## [Assignment]
Of all the entries below, retype only the lines from the one with "Une fois déployé" through the one with "Costim in Porto", exactly as they appear.

## [Source data]
╭──

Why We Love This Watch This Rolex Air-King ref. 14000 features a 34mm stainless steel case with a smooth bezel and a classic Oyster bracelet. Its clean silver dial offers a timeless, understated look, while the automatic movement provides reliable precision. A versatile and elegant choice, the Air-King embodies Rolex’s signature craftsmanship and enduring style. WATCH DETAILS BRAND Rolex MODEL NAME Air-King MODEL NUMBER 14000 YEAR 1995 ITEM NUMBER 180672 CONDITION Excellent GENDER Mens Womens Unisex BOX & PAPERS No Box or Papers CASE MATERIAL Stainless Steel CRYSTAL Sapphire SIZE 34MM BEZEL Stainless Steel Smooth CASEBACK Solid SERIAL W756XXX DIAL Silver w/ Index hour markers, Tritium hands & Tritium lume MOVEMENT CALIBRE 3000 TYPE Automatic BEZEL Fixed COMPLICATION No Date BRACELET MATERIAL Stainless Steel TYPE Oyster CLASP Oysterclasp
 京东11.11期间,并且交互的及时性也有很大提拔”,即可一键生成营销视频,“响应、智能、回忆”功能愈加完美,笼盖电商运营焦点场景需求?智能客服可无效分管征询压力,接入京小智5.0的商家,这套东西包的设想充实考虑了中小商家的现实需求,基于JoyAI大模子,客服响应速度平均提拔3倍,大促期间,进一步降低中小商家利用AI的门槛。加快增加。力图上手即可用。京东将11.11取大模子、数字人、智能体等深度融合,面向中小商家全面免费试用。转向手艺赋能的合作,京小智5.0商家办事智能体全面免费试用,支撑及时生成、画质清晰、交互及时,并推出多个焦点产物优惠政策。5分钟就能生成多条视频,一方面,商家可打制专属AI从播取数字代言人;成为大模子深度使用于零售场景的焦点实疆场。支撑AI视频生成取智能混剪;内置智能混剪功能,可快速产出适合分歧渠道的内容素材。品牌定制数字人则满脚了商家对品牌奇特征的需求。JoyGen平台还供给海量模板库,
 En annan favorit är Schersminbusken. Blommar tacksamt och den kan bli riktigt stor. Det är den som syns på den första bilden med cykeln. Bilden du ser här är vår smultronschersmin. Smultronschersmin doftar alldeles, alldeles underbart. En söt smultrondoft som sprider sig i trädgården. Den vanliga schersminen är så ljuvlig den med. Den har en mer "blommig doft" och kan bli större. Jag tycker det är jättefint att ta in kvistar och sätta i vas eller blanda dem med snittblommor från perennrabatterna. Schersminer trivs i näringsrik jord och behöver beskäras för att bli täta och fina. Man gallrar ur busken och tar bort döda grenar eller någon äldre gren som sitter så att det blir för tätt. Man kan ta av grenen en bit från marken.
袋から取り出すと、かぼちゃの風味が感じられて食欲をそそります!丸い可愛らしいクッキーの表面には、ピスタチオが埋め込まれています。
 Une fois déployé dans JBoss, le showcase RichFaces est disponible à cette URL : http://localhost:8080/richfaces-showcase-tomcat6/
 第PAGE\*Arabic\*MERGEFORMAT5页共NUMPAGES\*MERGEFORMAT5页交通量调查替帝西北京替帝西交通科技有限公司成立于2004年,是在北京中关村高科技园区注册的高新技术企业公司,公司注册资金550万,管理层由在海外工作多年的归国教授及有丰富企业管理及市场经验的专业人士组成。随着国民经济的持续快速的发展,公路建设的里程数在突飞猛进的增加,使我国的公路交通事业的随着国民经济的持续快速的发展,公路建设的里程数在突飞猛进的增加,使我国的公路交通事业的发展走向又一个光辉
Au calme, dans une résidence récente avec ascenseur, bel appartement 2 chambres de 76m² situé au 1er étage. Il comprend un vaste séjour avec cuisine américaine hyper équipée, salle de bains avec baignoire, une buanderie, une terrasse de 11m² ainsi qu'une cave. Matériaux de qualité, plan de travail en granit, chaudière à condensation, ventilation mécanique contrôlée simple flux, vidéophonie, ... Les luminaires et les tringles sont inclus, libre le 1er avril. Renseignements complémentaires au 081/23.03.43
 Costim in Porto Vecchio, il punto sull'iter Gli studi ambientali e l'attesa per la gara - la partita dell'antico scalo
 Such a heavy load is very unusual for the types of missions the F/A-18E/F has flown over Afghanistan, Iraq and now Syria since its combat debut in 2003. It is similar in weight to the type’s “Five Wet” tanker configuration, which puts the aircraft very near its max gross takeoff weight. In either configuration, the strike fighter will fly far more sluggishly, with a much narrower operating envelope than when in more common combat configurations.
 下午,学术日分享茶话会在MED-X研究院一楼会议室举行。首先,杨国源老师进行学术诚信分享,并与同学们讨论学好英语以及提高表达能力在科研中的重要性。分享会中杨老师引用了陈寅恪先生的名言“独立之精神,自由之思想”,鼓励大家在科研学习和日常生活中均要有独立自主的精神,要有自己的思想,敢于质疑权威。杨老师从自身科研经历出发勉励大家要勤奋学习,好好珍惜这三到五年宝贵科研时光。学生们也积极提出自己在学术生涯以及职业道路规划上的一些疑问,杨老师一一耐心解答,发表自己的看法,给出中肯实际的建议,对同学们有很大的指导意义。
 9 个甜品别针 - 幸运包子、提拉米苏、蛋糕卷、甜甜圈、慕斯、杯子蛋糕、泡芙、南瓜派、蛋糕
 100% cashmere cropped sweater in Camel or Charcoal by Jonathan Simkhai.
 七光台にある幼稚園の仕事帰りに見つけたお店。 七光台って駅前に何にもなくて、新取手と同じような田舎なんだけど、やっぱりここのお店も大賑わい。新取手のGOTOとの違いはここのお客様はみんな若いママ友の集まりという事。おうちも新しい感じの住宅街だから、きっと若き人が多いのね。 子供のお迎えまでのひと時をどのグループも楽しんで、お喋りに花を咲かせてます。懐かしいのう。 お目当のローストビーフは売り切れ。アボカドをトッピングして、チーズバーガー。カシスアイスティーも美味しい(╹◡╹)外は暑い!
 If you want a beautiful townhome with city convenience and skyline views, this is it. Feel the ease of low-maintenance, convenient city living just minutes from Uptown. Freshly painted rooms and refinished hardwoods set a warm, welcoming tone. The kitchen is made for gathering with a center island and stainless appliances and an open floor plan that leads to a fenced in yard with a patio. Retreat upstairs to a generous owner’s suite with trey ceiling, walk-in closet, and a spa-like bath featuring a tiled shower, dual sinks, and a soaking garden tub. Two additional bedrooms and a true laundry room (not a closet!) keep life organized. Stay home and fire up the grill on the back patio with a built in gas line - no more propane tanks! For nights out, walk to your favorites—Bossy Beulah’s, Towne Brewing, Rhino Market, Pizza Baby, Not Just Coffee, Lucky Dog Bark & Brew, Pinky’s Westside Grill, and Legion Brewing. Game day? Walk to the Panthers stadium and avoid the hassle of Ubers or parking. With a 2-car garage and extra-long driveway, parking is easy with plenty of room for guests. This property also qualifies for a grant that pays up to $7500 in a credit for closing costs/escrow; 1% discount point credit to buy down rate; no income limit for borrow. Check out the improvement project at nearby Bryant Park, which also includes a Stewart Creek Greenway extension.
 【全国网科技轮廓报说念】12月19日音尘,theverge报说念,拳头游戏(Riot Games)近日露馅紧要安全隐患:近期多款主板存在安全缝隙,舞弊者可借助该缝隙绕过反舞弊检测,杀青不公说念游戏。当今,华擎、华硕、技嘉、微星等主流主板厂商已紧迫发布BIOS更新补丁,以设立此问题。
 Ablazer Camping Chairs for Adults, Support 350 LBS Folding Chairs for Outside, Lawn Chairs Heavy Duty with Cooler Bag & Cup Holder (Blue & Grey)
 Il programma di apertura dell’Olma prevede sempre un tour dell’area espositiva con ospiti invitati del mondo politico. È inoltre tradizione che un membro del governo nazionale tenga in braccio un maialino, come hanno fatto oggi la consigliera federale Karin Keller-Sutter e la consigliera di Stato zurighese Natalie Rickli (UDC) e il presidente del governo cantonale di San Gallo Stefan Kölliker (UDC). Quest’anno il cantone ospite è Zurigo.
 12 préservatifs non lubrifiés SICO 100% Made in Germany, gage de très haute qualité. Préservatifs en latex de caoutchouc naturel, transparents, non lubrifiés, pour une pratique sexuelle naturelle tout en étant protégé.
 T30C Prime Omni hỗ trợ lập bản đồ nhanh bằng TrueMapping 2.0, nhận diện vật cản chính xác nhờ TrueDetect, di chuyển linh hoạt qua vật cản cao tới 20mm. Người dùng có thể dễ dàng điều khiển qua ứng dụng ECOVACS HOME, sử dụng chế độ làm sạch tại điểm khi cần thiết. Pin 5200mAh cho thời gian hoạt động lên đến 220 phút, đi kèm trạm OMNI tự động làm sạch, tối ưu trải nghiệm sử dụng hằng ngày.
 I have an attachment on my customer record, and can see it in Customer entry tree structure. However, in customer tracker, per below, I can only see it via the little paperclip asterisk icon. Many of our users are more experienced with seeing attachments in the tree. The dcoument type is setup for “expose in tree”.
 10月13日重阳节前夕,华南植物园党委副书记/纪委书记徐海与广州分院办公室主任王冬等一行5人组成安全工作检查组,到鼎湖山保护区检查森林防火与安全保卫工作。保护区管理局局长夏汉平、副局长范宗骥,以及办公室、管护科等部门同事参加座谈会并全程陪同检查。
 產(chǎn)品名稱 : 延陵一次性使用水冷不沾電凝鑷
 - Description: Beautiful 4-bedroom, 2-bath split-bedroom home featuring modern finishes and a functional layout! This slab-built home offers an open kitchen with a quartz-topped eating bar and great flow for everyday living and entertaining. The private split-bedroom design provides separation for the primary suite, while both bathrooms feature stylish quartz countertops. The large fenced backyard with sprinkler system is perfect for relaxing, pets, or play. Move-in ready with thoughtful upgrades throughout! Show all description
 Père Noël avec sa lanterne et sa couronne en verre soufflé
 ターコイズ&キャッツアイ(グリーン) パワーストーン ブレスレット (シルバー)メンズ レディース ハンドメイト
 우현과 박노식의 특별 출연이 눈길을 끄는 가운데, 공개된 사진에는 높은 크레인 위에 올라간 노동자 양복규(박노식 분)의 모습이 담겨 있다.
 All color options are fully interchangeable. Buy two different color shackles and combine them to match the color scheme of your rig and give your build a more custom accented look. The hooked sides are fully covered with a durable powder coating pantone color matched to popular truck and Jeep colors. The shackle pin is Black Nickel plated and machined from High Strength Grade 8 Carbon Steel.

╰──

## [Answer space]
 Une fois déployé dans JBoss, le showcase RichFaces est disponible à cette URL : http://localhost:8080/richfaces-showcase-tomcat6/
 第PAGE\*Arabic\*MERGEFORMAT5页共NUMPAGES\*MERGEFORMAT5页交通量调查替帝西北京替帝西交通科技有限公司成立于2004年,是在北京中关村高科技园区注册的高新技术企业公司,公司注册资金550万,管理层由在海外工作多年的归国教授及有丰富企业管理及市场经验的专业人士组成。随着国民经济的持续快速的发展,公路建设的里程数在突飞猛进的增加,使我国的公路交通事业的随着国民经济的持续快速的发展,公路建设的里程数在突飞猛进的增加,使我国的公路交通事业的发展走向又一个光辉
Au calme, dans une résidence récente avec ascenseur, bel appartement 2 chambres de 76m² situé au 1er étage. Il comprend un vaste séjour avec cuisine américaine hyper équipée, salle de bains avec baignoire, une buanderie, une terrasse de 11m² ainsi qu'une cave. Matériaux de qualité, plan de travail en granit, chaudière à condensation, ventilation mécanique contrôlée simple flux, vidéophonie, ... Les luminaires et les tringles sont inclus, libre le 1er avril. Renseignements complémentaires au 081/23.03.43
 Costim in Porto Vecchio, il punto sull'iter Gli studi ambientali e l'attesa per la gara - la partita dell'antico scalo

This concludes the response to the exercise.